Tra le opzioni che il team potrebbe prendere in considerazione figurano:

  • Escissione locale estesa — Nelle fasi iniziali della malattia, l'équipe discute spesso l'escissione locale ampia (rimozione chirurgica del tumore con un margine di tessuto circostante). L'entità dell'intervento chirurgico dipende dalle dimensioni e dalla posizione del tumore e dall'obiettivo di preservare quanto più tessuto vulvare sano possibile in sicurezza.
  • Biopsia del linfonodo sentinella o dissezione dei linfonodi inguinali — Per i tumori con profondità di invasione superiore a 1 mm (la maggior parte degli stadi IB e superiori), l'équipe discute in genere la valutazione dei linfonodi. La biopsia del linfonodo sentinella è spesso preferibile per i tumori in stadio iniziale perché fornisce una stadiazione accurata con minore morbilità chirurgica rispetto alla dissezione inguinale completa. La dissezione linfonodale inguino-femorale completa viene presa in considerazione per i tumori di maggiori dimensioni o quando la biopsia del linfonodo sentinella non è fattibile.
  • Radioterapia - Può essere aggiunta dopo l'intervento chirurgico quando il referto istologico evidenzia caratteristiche ad alto rischio come margini positivi, linfonodi positivi, estensione extranodale, invasione linfovascolare o invasione perineurale. La radioterapia può anche essere considerata come trattamento primario, spesso in combinazione con la chemioterapia (chemio-radioterapia), per la malattia localmente avanzata non inizialmente resecabile.
  • Chemioradioterapia concomitante — Per la malattia localmente avanzata (in genere stadio III o IV) o per i pazienti non candidabili all'intervento chirurgico, l'équipe spesso valuta la chemioterapia combinata con la radioterapia. Questa combinazione viene utilizzata anche dopo l'intervento chirurgico in casi selezionati ad alto rischio.
  • Terapia sistemica per la malattia in stadio avanzato o recidivante — In caso di malattia metastatica o recidivante, l'équipe di oncologia medica discute le opzioni sistemiche, tra cui la chemioterapia e, ove applicabile, la terapia con inibitori dei checkpoint immunitari guidata dai test PD-L1 o MMR/MSI. Può essere discussa la partecipazione a studi clinici poiché il carcinoma squamocellulare della vulva è raro e i dati sui trattamenti standard per la malattia in stadio avanzato sono limitati.
  • Gestione a lungo termine delle patologie cutanee sottostanti — Per le pazienti il ​​cui tumore vulvare si è sviluppato su un quadro di lichen sclerosus o lichen planus, un'assistenza dermatologica continua per controllare l'infiammazione sottostante è una parte importante della gestione complessiva.

Dopo il trattamento, è fondamentale un follow-up regolare. La sorveglianza prevede in genere esami fisici e pelvici ogni tre-sei mesi per i primi due-tre anni, poi con minore frequenza. Gli esami di imaging e altri test vengono aggiunti in base allo stadio iniziale, ai risultati istopatologici e al rischio complessivo di recidiva della paziente.

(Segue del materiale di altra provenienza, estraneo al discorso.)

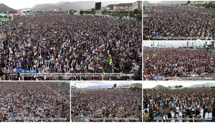 أدى مئات الآلاف صلاة الجمعة في ميدان السبعين أكبر ميادين العاصمة صنعاء تضامنا ونصرة مع الشعب الفلسطيني في قطاع غزة في مواجهة العدو الصهيوني.
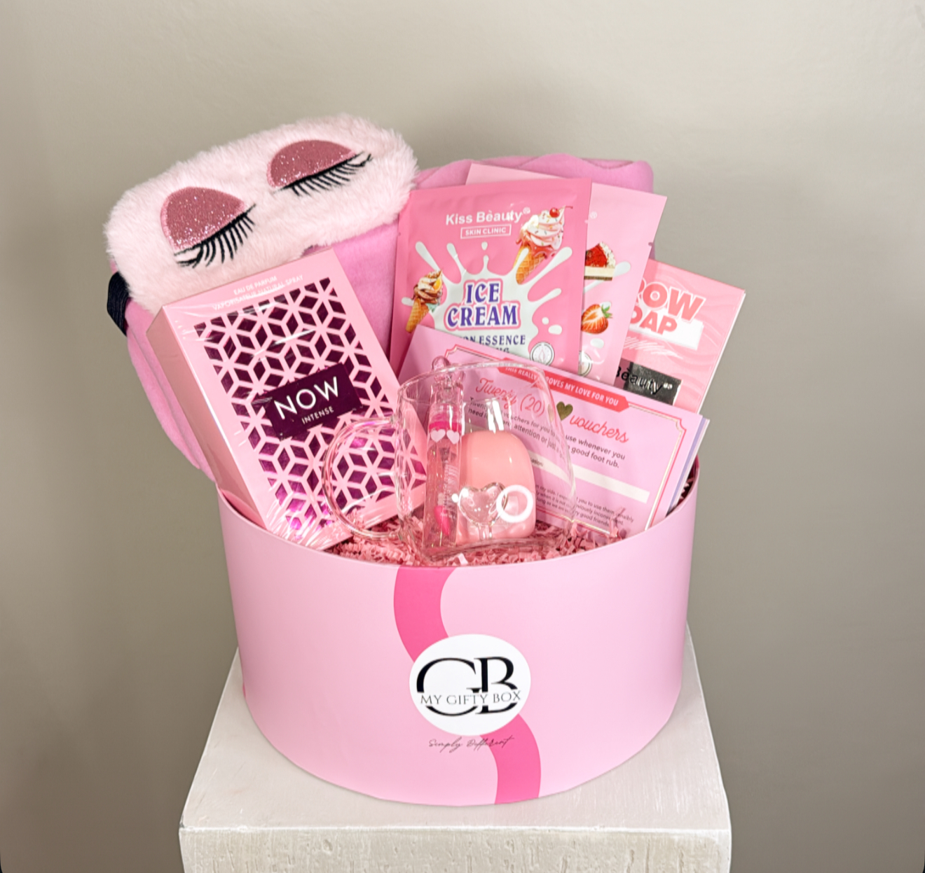 لحاف .٢٠ كوبون للحب والاهتمام والرعايه .٢ ماسك للوجه .غطاء للعين .عطر .طقم ترتيب الحواجب .كوب .كريم لليد .مرطب للشفاه .شعار اكرليك حسب المناسبه .كيس وكرت اهداء خاص بالمناسبه .اصل لاحبابكم مغلفه بالتور المعطر .
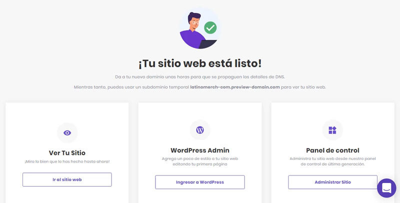 Una vez seleccionada la locación podrás acceder a tu panel de control de WordPress
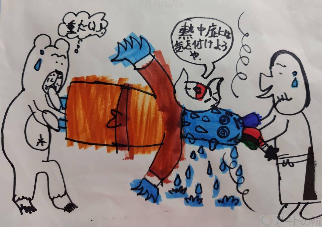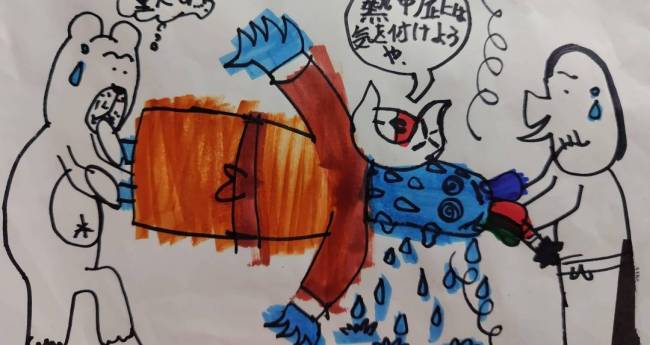 現実,非現実,屋内,屋外,自然,過去,現在,未来,夏,6月,7月,8月,9月,水色,黒,人物,動物,想像上の生き物,大人,おじいさん,明るい,たのしい,かわいい,わくわく,どきどき,びっくり,2D
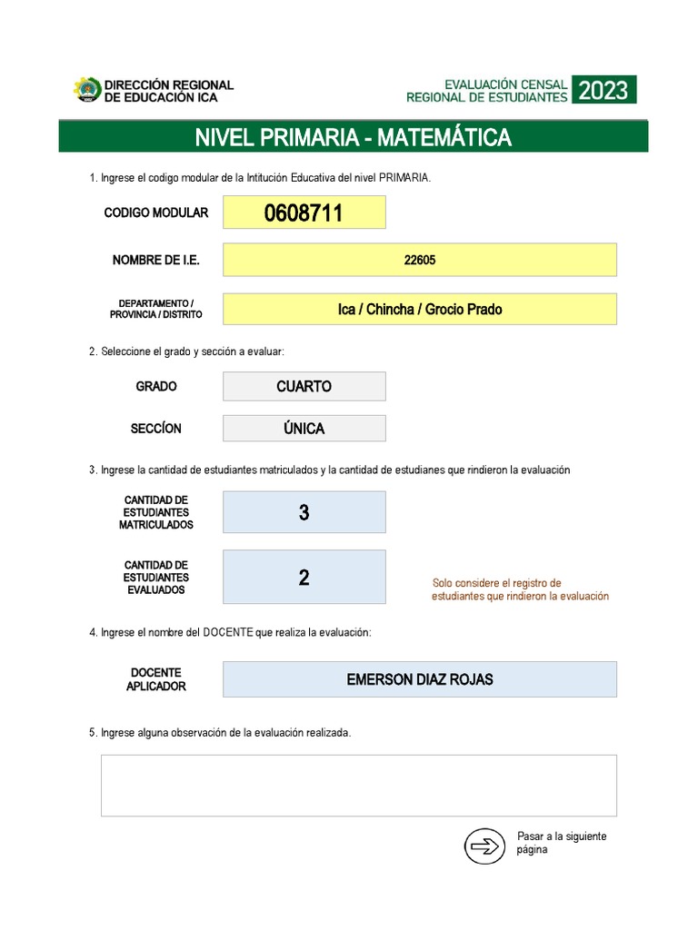3. Ingrese la cantidad de estudiantes matriculados y la cantidad de estudianes que rindieron la evaluación

Domande da porre al medico

  • Qual è lo stadio del mio tumore secondo i sistemi TNM e FIGO?
  • Quali erano le dimensioni del tumore e la profondità di invasione?
  • Il mio tumore è stato causato dall'HPV o si è sviluppato attraverso un percorso indipendente dall'HPV?
  • È stato eseguito il test p16 o p53? E quali sono stati i risultati?
  • Qual era il grado istologico del mio tumore?
  • I margini chirurgici erano negativi, vicini o positivi? Era presente HSIL o dVIN ai margini?
  • Era presente invasione linfovascolare o invasione perineurale?
  • Quanti linfonodi sono stati esaminati e qualcuno di essi risultava coinvolto? È stata riscontrata un'estensione extranodale?
  • Sono stati eseguiti i test per PD-L1 o MMR? Cosa significa il risultato per le mie opzioni terapeutiche?
  • In base ai risultati dell'esame istologico, quali opzioni terapeutiche mi proporreste?
  • Dopo l'intervento chirurgico avrò bisogno di radioterapia, chemioterapia o entrambe?
  • Come verrà gestita in futuro la mia patologia cutanea di base (lichen sclerosus o lichen planus, se presente)?
  • Quale sarà il programma dei controlli successivi e quali sintomi dovrebbero indurmi a contattarvi tra una visita e l'altra?
  • Qual è la probabilità di recidiva e cosa si può fare per ridurre tale rischio?
  • Esistono studi clinici disponibili che potrebbero essere adatti al mio caso?